On the other side of the aisle, Sen. Eric Buckson (R-Dover), says he’s open to a conversation about changing the structure of the state income tax system, but said he would not support a bill to bring more money into the general fund.
“Just adding tax brackets for the purpose of increasing revenue, is something that I, again, would push back on until we get our house in order when it comes to the money we currently have,” he said.
Lynn’s bill lands as Delaware budget forecasters expect state revenue growth to flatten in the coming years. It also comes as states across the country prepare for potentially tighter budgets due to cost-cutting from the Trump Administration that could impact federal contributions to state projects.
The details
Lynn’s bill would introduce new brackets, including for those making over $125,000, marking a shift from the current structure in which all income over $60,000 is taxed at the same rate of 6.6%.
The bill would propose the following tax brackets and rates:
- Income between $125,000 and $250,000 would be taxed at 6.75%.
- Income above $250,000 would be taxed at 6.95%.
- Lower incomes between $2,000 and $5,000 would be taxed at 2%, down from 2.2%.

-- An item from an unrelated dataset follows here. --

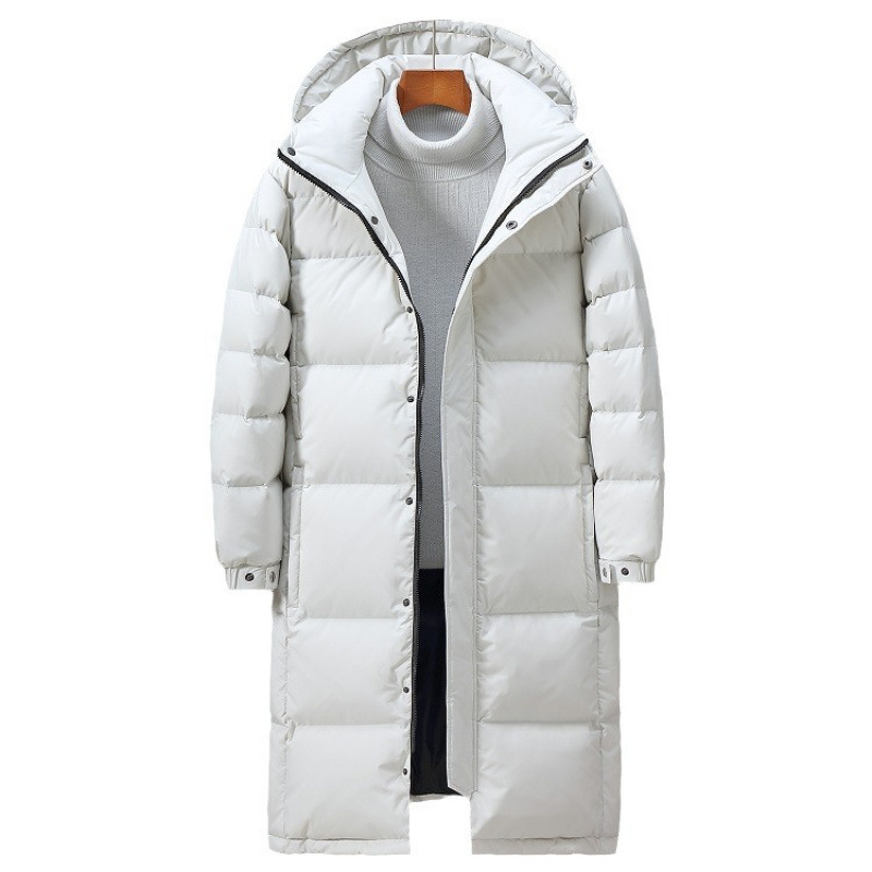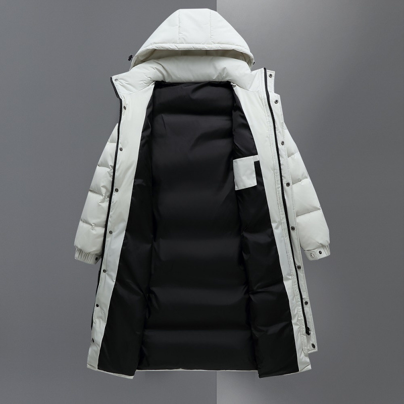 跨境欧美外贸羽绒服男长款过膝青年男士冬季户外白鸭绒连帽外套潮

- Income between $5,000 and $20,000 would be taxed at 4%.
- Income between $20,000 and $60,000 would be taxed at 5.5% (meaning individuals earning between $20,000 and $25,000 would see a 0.3% tax increase).
- Income between $60,000 and $125,000 would remain taxed at 6.6%.
Roughly 11% of Delaware households make more than $200,000 annually, according to the 2023 U.S. Census’ five-year American Community Survey.